The costs associated with employment tribunals and any appeals were previously the responsibility of the taxpayer, this was the position until the 29 July 2013 when the Government introduced fees for such claims made to the employment tribunal.
This fee scheme was recently brought to the High Court in application for judicial review. The trade union, Unison, made a second application, this time challenging the introduction of tribunal fees on the following two grounds: it is unlawful because it infringes the EU principles of effectiveness (i.e. the cost of litigation makes it very difficult to bring a claim) and it is indirectly discriminatory, namely against women.
The evidence upon which Unison brought these proceedings was statistical, this proved fatal for the case, for without any concrete examples of specific individuals who allegedly assert they are unable to bring a claim because of cost, the High Court held that Unison’s arguments could not properly be tested. Their application for judicial review as a result was dismissed, but the High Court has given them permission to appeal to the Supreme Court.
There will certainly be more challenges to come, as the judgment indicates that the courts will have to assess this fee scheme again, when there are actual disadvantaged people who have legitimate claims.

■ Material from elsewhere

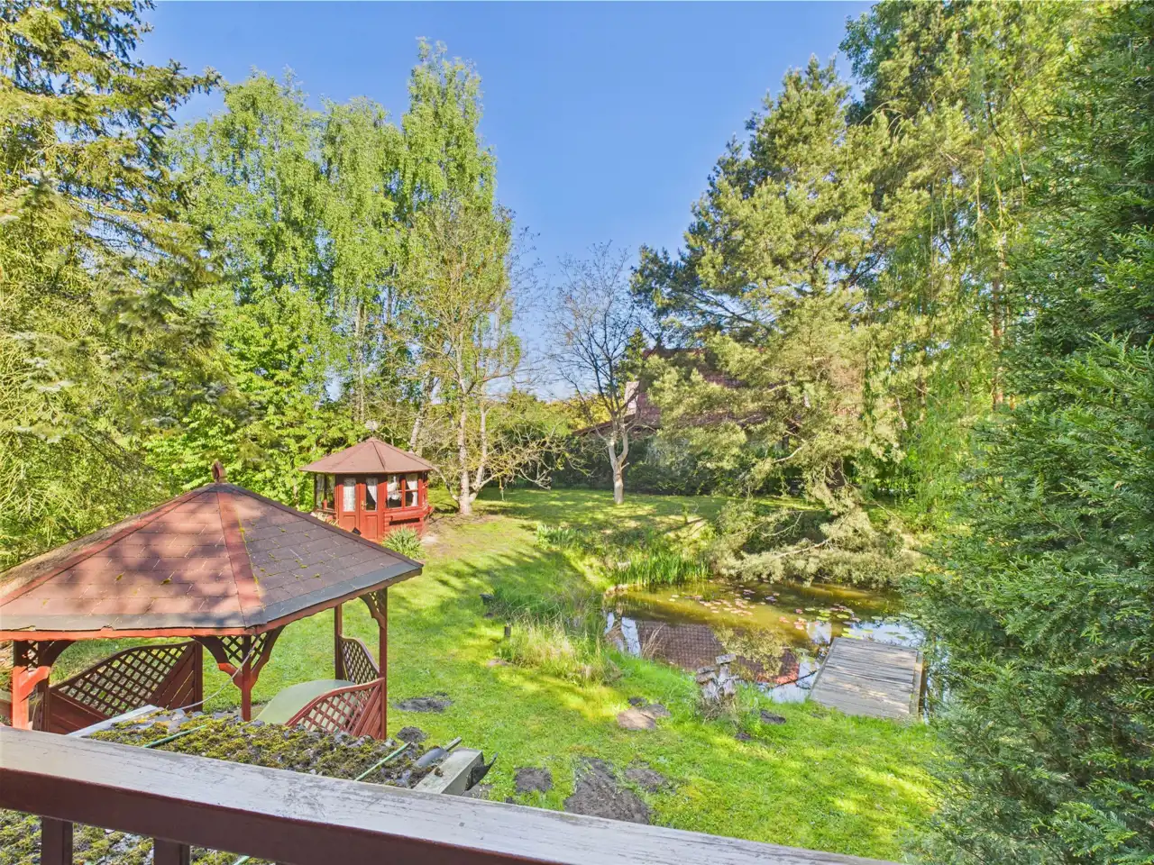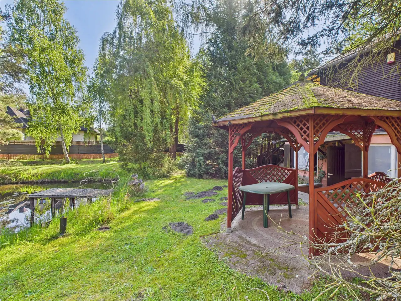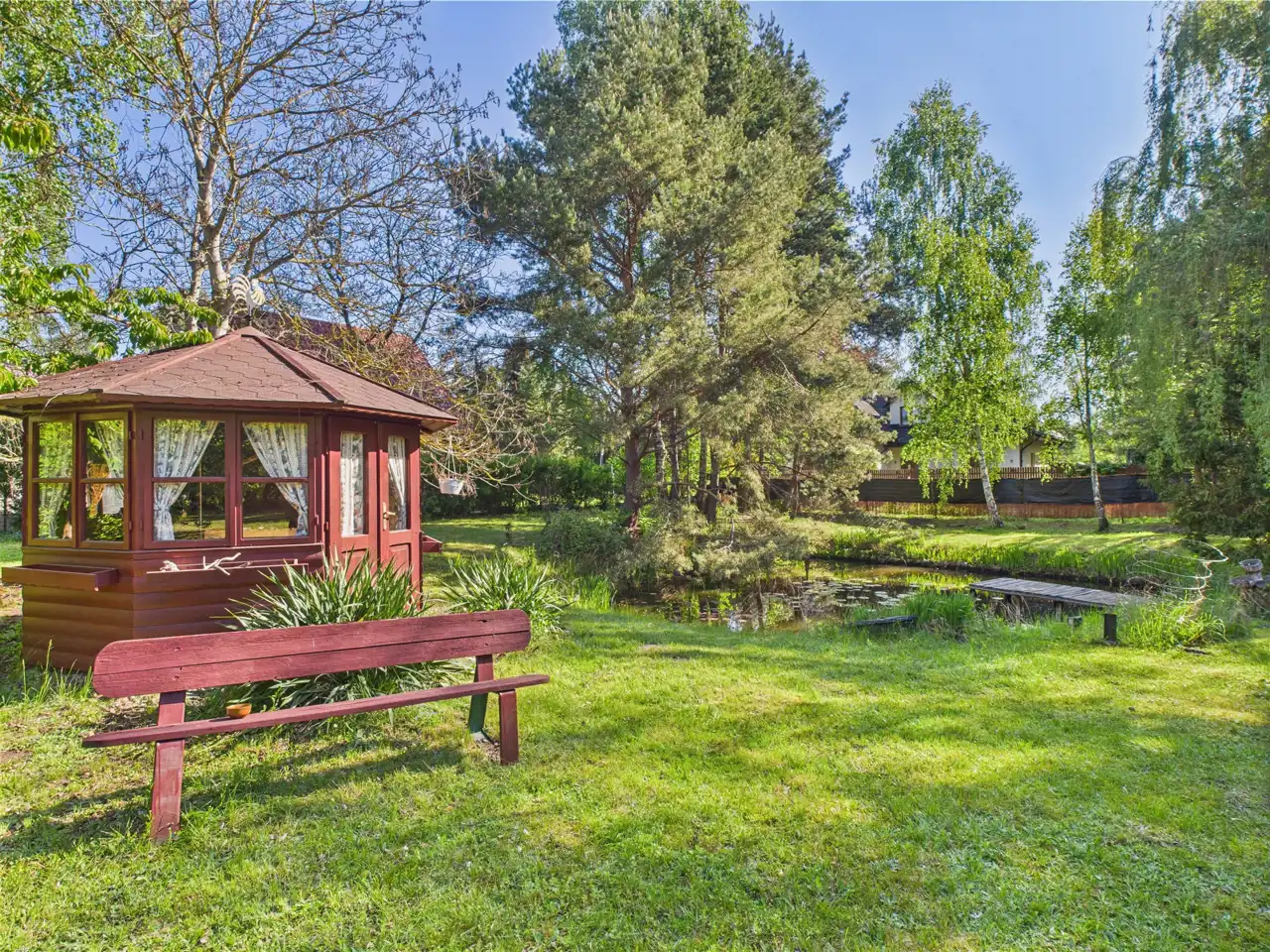 Przepieknie zagospodarowana działka, z mnóstwem drzew, stawem, altankami, domkiem - tworzy bardzo atrakcyjna atmosferę na miejscu.

The justification for the introduction of tribunal fees was to transfer a proportion of the annual running costs of tribunals to those that benefit from them, to encourage dispute resolution, so that litigation is not the first resort and thirdly, to make the system more efficient and remove unmeritorious claims. On the home front, the Association of Recruitment Consultancies (ARC) campaigned on this last objective and many of the suggestions they put forward were adopted in one form or another, which they felt, was a resounding success.